# NEW ENGLAND / TRI STATE AREA MEMBERS



## guido (May 13, 2001)

Hi Everybody. I am writing this and posting it in several of the forum sections to get the word out. I am coming home on leave in the beginning of July to have my marriage blessed and a reception, etc. I was hoping sometime during the second week of July all of us guys on Lawnsite.com that are located in the tri-state area could meet up at a central location (depending on who all wants to come) and talk shop, grab a few beers, BBQ or whatever you guys want to do. I know for sure that I would be free on the 12 and 13th of July.
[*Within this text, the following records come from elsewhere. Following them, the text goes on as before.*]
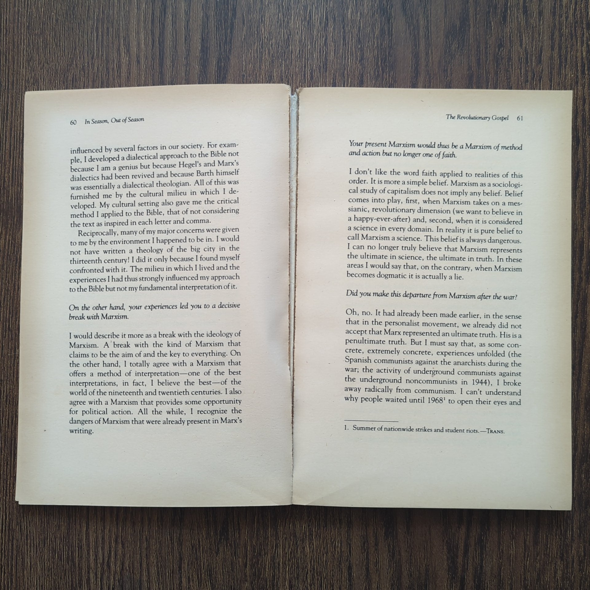 In Season, Out of Season offers the general reader a comprehensive, accessible introduction, in interview format, to the life and thought of contemporary theologian and social critic Jacques Ellul. Here is a lively, candid discussion of his early life; the influence of Kierkegaard, Marx, and Barth; his career at the University of Bordeaux; his frustrations working for reforms from within the religious and political establishment, and his frank assessment of his own impact.
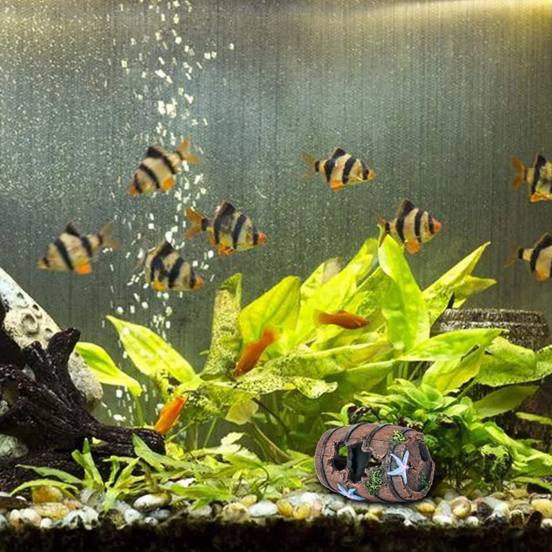 Decorative barrel serves as a nod to real underwater scenes, providing both a sense of terrain for the viewer and shelter for the fish.
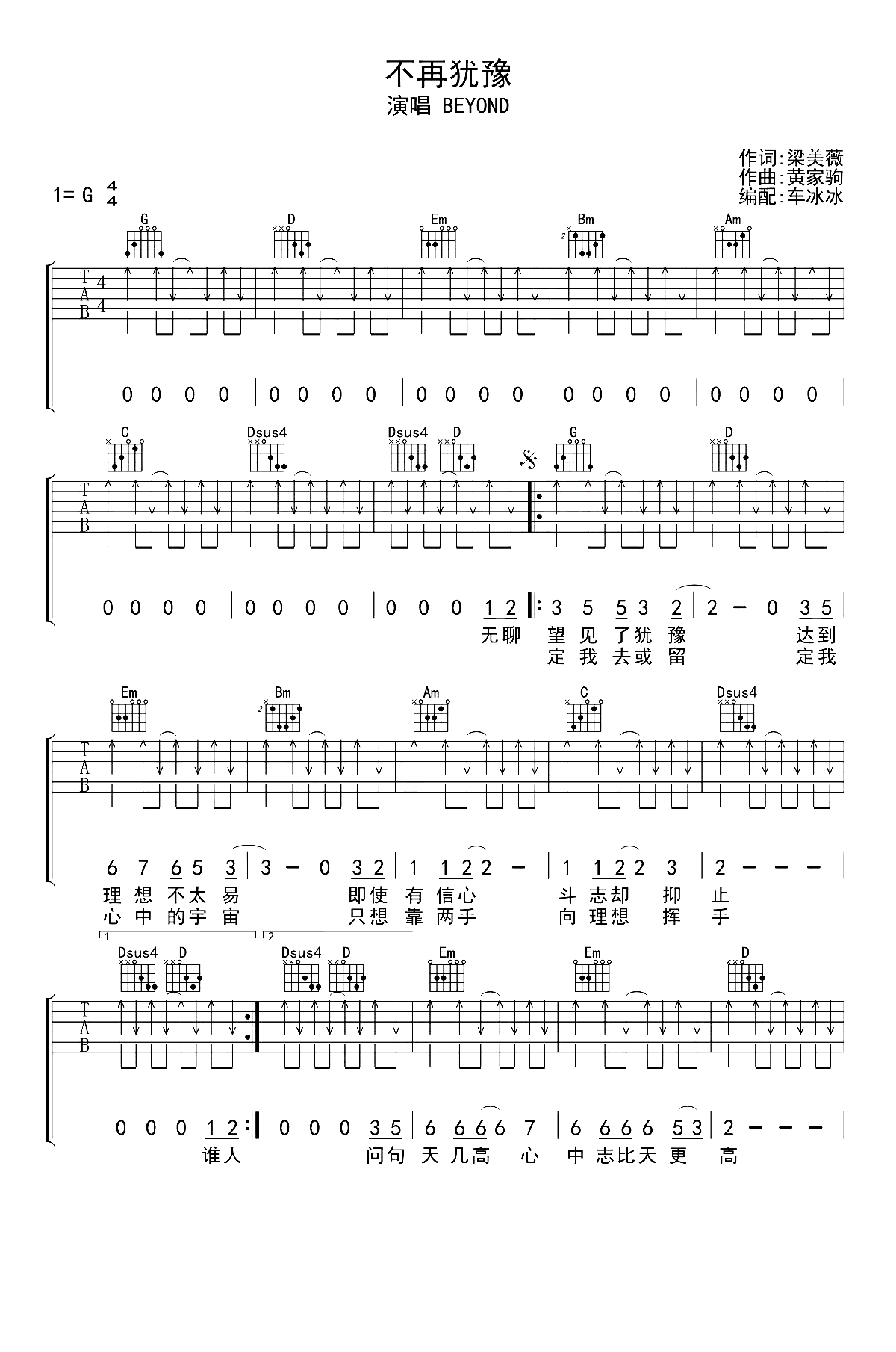 Beyond《不再犹豫》吉他谱,无限延音编配出品,共有2张高清图谱,免翻页排版设计。...

I will be going home to the Waterbury/ Watertown, CT area. I know Fishkill, NY (Home of the Snow Pro’s  ) is only about an hour drive down 84 for me, so maybe that will help some of you other guys see the distances we’re talking. I guess what we can do, is everyone that would like to do this, and is free on one of those 2 days (Plan Ahead for it guys!!) e-mail me at [email protected] and we’ll keep a mailing list for all of us New England / Tri State Area guys and I’ll send out updates as it gets closer and I get some reply’s. Hope to get some e-mail’s and meet some of you soon!

Try to keep the post alive so its stays somewhere near the top so all the readers can see it when they check in!


----------